Postoperative recurrent or permanent recurrent laryngeal nerve injury is one of the most serious complications in the field of thyroid surgery, in either benign or malignant thyroid disease, significantly affecting patients’ quality of life. The importance of recurrent laryngeal nerve identification intraoperatively reduces the risk of injury. We report herein a young patient who underwent nerve monitoring in total thyroidectomy that led to recurrent laryngeal nerve injury.

Case presentation

We report a 30-year-old Arab male patient who presented to our clinic with a longstanding thyroid swelling, which was reported as papillary thyroid carcinoma, and was scheduled for total thyroidectomy and lymph node dissection.

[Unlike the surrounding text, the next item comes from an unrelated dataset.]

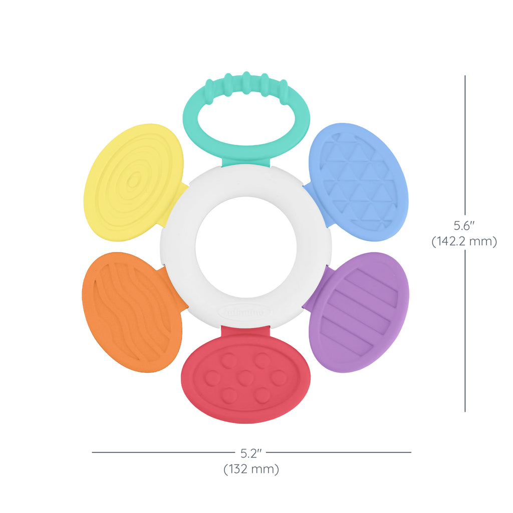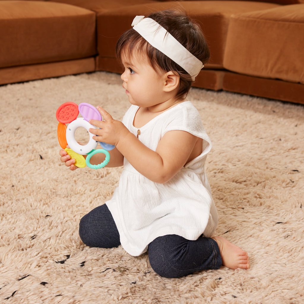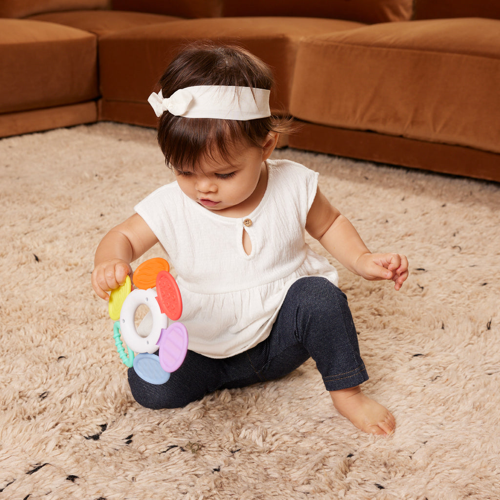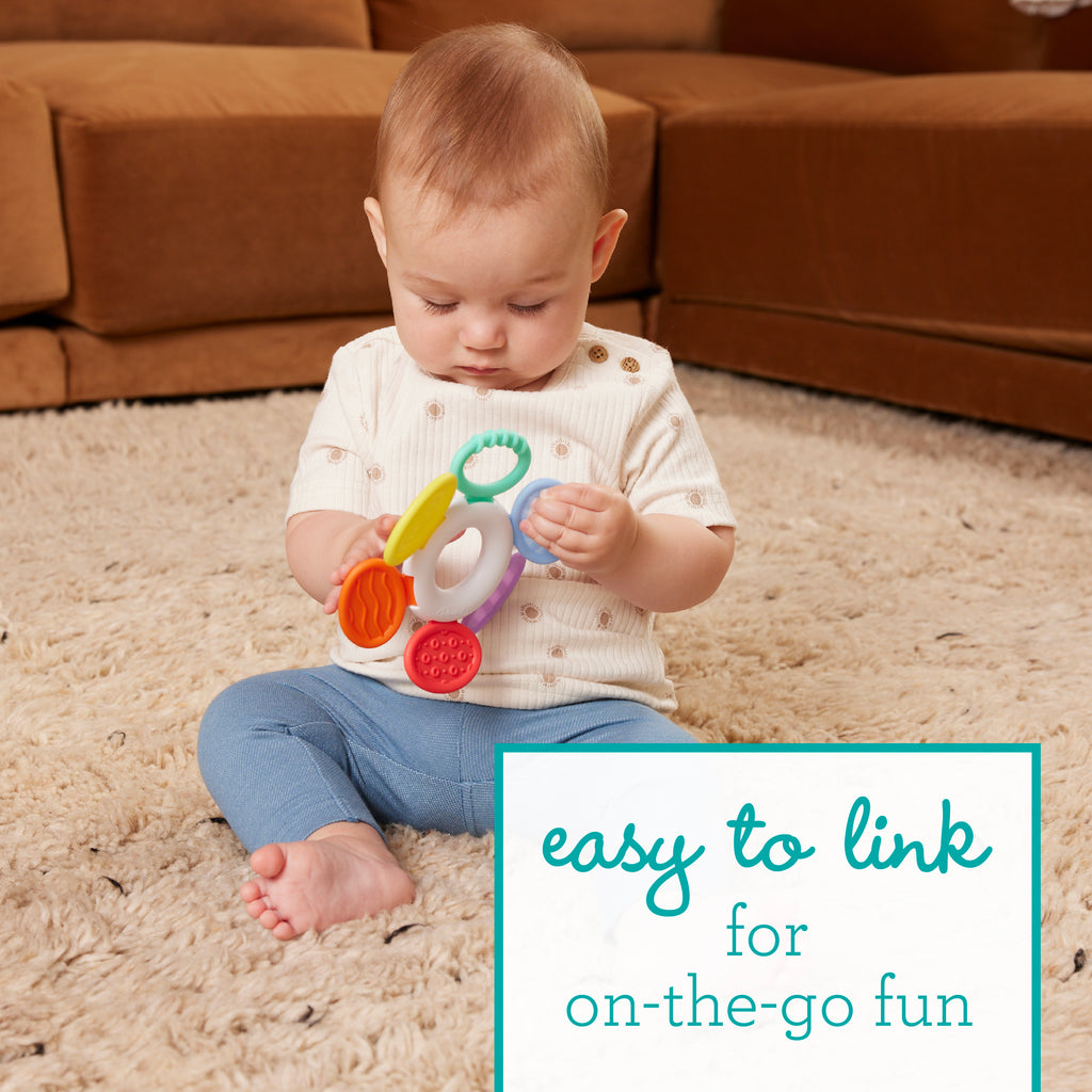 - The colorful, BPA-free multi-textured rattle with twist and click flaps stimulates the brain and supports early fine motor and cognitive skills

Nerve monitoring was used to identify the recurrent laryngeal nerve, leading to recurrent laryngeal nerve nerve fatigability/paresis that was seen during the postoperative course.

Conclusion

Visual identification of the recurrent laryngeal nerve is the gold standard for nerve protection. We recommend the use of nerve monitoring as an adjunct in challenging cases but not in routine settings, as it does not decrease the incidence of injuries compared with visualization alone in our experience.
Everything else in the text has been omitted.